BAGHDAD - A car bomb exploded outside a liquor store in northern Iraq overnight, killing at least 12 civilians, a senior police officer said Sunday.

The blast struck the northern oil-rich and ethnically-mixed city of Kirkuk, deputy police chief Maj. Gen. Torhan Abdul-Rahman Youssef said. Youssef said that the blast in the western al-Wasiti neighbourhood wounded 29.

Kirkuk is located 290 kilometres (180 miles) north of Baghdad.

Militants often target night clubs, liquor stores and brothels. They want to impose a strict interpretation of Islam in Iraq.

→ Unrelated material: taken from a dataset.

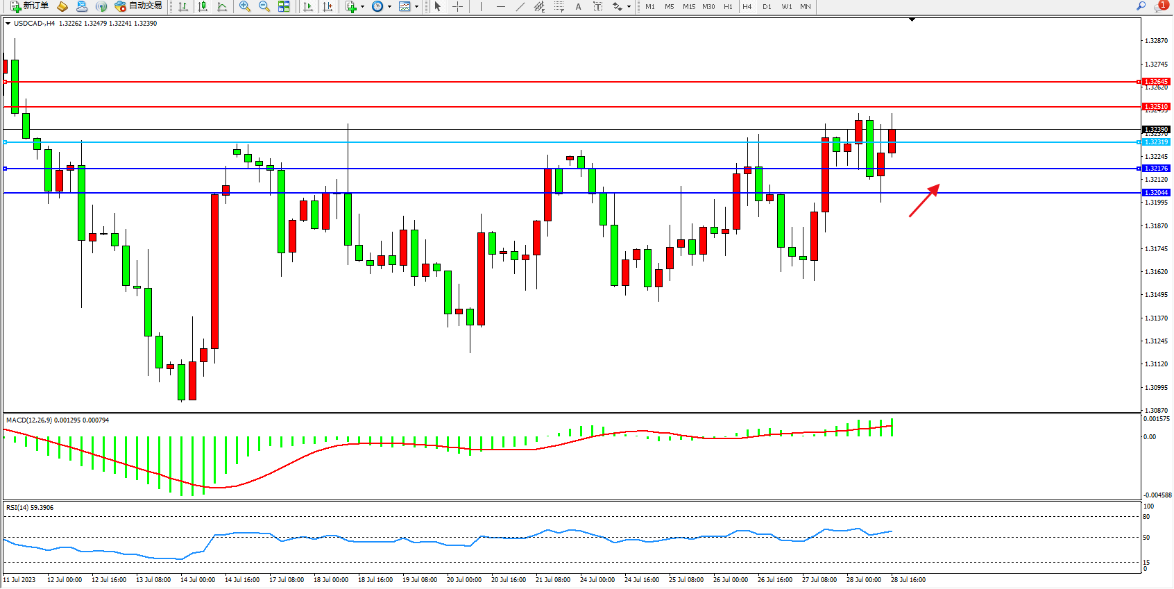 美元加元USDCAD——4小时K线图显示:

The attack comes as Iraq's Shiite-led government is struggling to contain a surge in sectarian violence unseen since the country was pushed to the brink of civil war in 2006 and 2007 after the U.S.-led invasion that toppled dictator Sadaam Hussein. According to the United Nations, 8,868 people were killed in Iraq last year.

The uptick in violence also comes as the country's political rivals are trying to form a new government after parliamentary elections April 30. Shiite Prime Minister Nouri al-Maliki's bloc emerged as the biggest winner, securing 92 seats in the 328-member parliament, but it failed to gain the majority needed to govern alone.